Went into labor around 11 pm on Feb. 10th. Ended up having a c-section on the 11th. Kyleigh Joanne Lloyd was born at 3:40 pm and Kailyn Grace Lloyd was born at 3:41 pm.

Both are doing well, Kyleigh came off oxygen today so they're both breathing very well on their own. Only thing keeping them in the hospital now is to get their sucking better for feeding. Nurse said they should hopefully be coming home in 4-7 days. I can't wait!!!

Will post a more detailed story later along with pictures!

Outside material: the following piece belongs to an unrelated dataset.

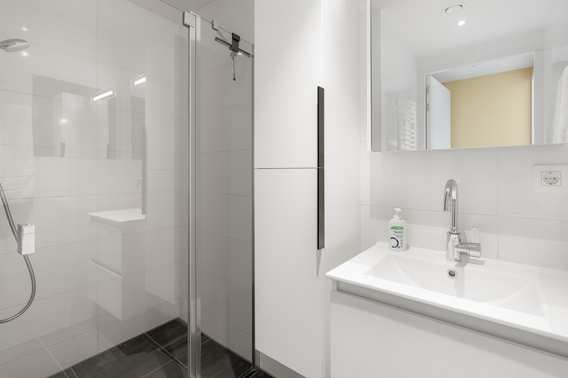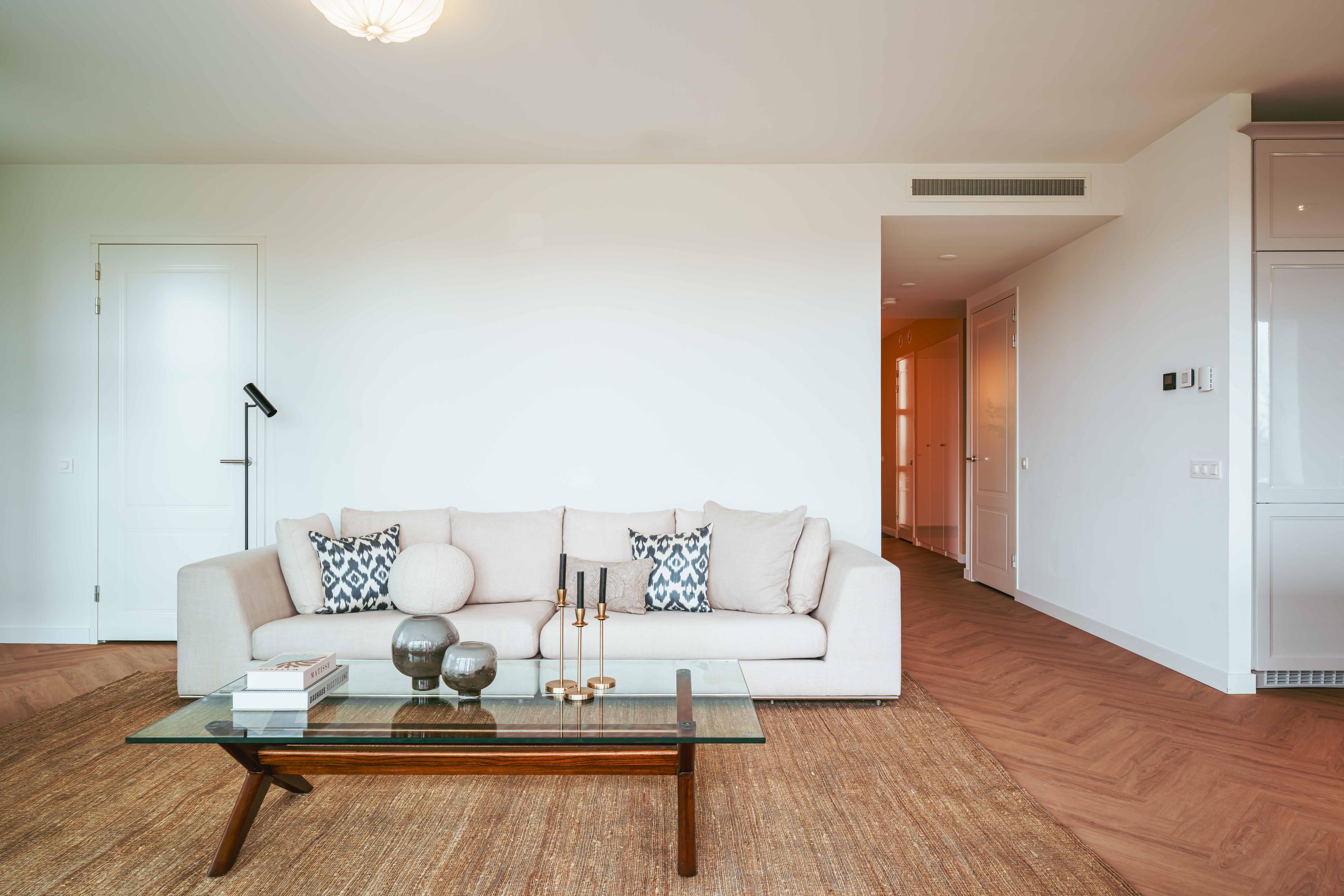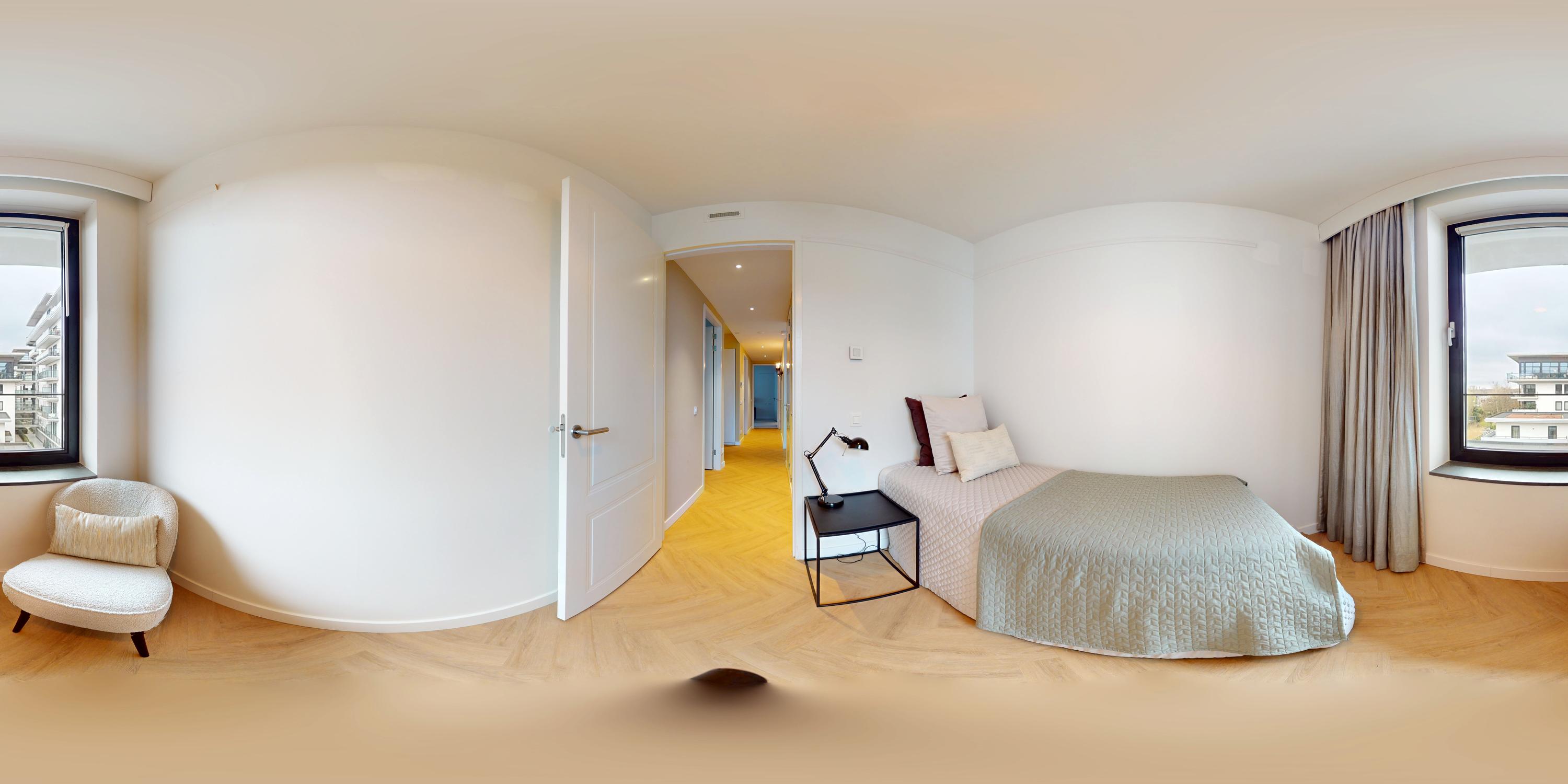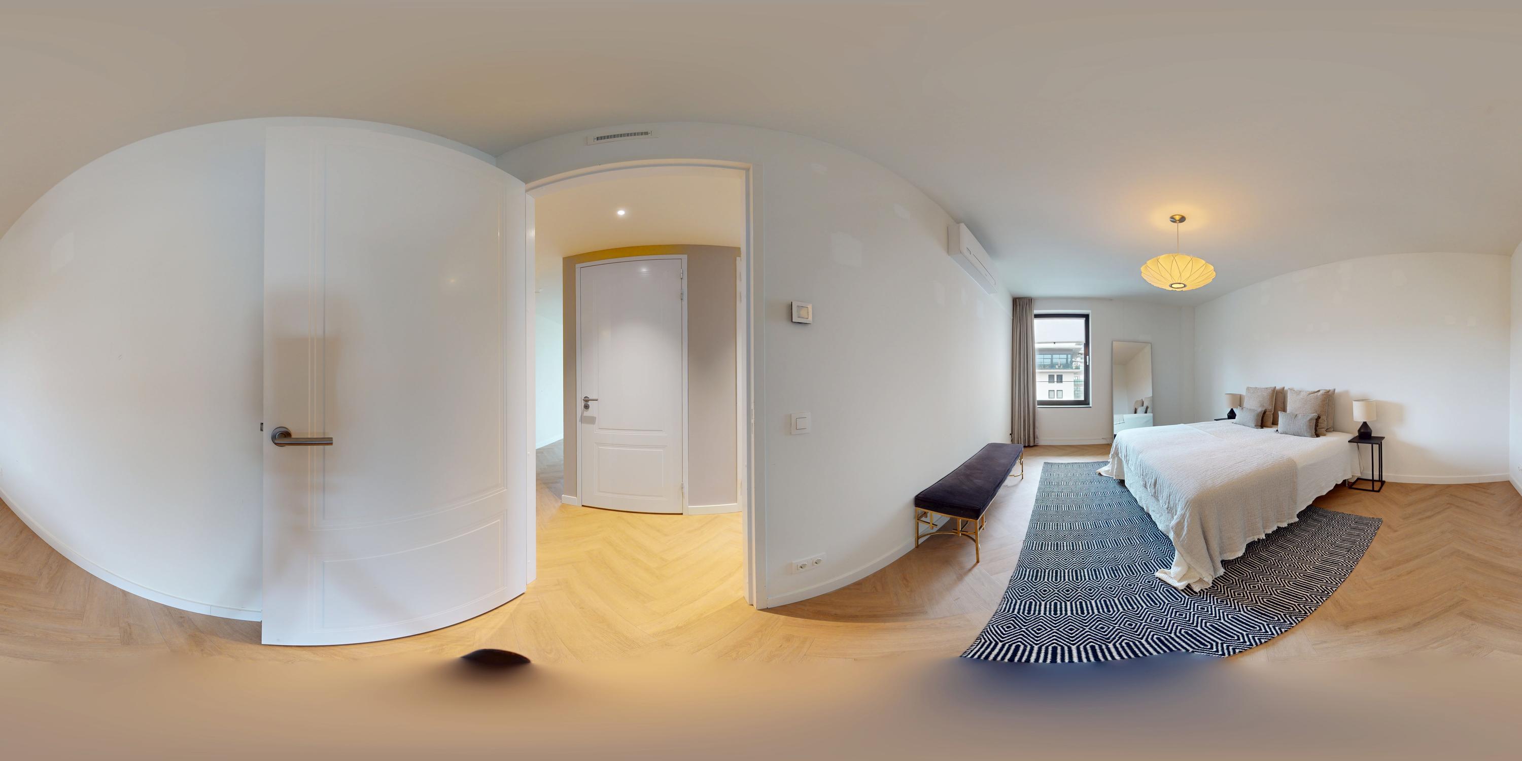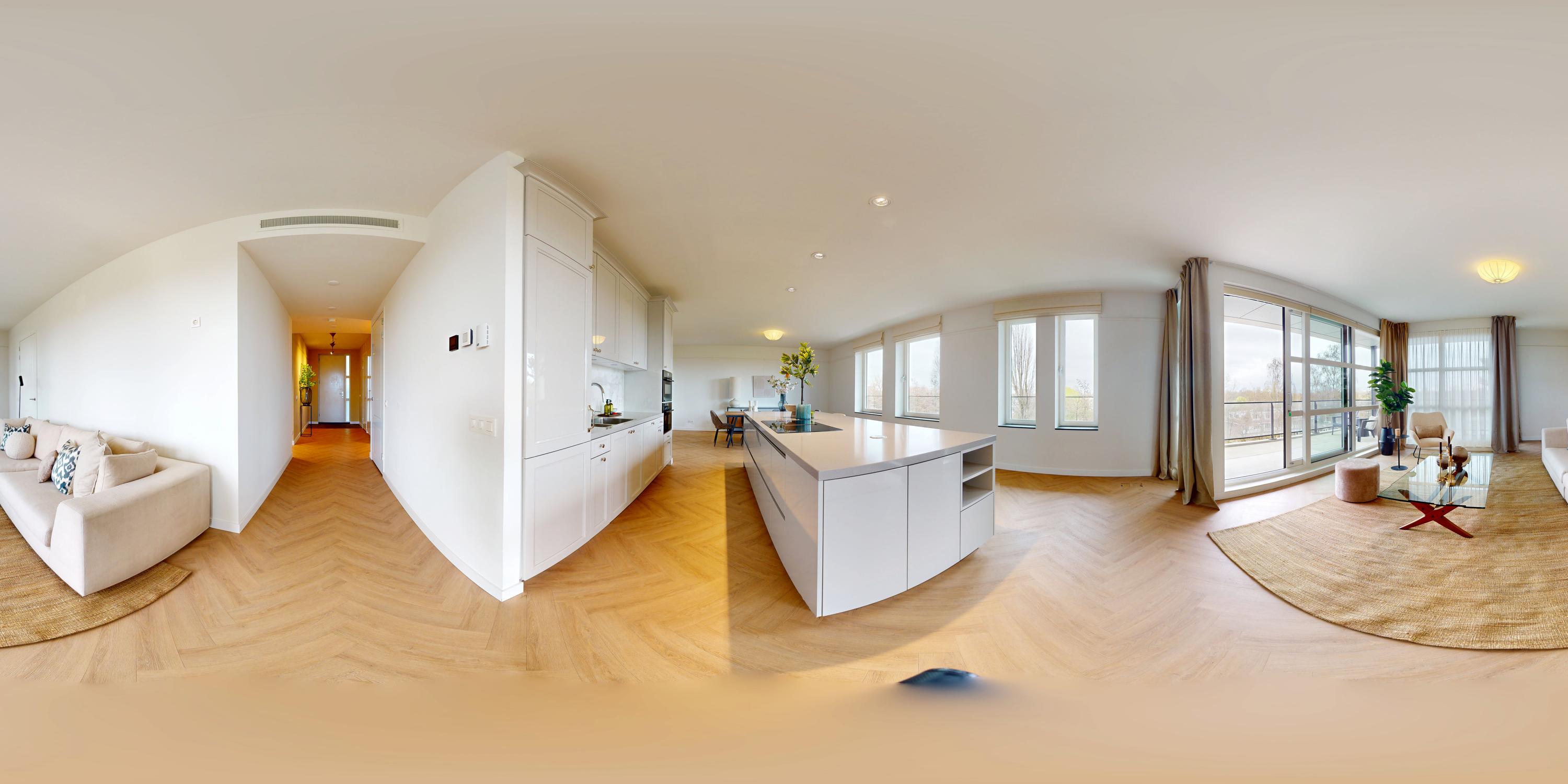 De entree bereikt u via een privé loopbrug. De royale hal biedt toegang tot alle vertrekken en inbouw garderobekasten. Het appartement is voorzien van een vloer gelegd in visgraat en is van PVC. Er is overal vloerverwarming en vloerkoeling.

I couldn't be happier being a mommy!!


----------



## doctordeesmrs

Congratulations can't wait to see the pics.


----------



## fifi83

Congratulation :happydance:


----------



## Jules

Congratulations


----------



## niknaknat

congratulations :hugs:


----------



## xCherylx

YAY!!!!
Congratulations hun! x


----------



## cutie_wutie

Congrats Hun Xxxxxxxxx Hugs


----------



## Rumpskin

Congrats - send us some pics soon. xxx


----------



## Always&amp;4ever

Congratulations hun


----------



## Stef

Congratulations 

Xx


----------



## Mango

Aww how darling!! Two wonderful lil girls! Congrats hun, glad to hear you are doing ok!


----------



## Serene123

Oh wow! Congratulations :D


----------



## Vickie

Congratulations!


----------



## charlottecco2

Oh congratulations, we can't wait to see pictures xx


----------



## leeanne

WOW! I didn't know you had your babies yet.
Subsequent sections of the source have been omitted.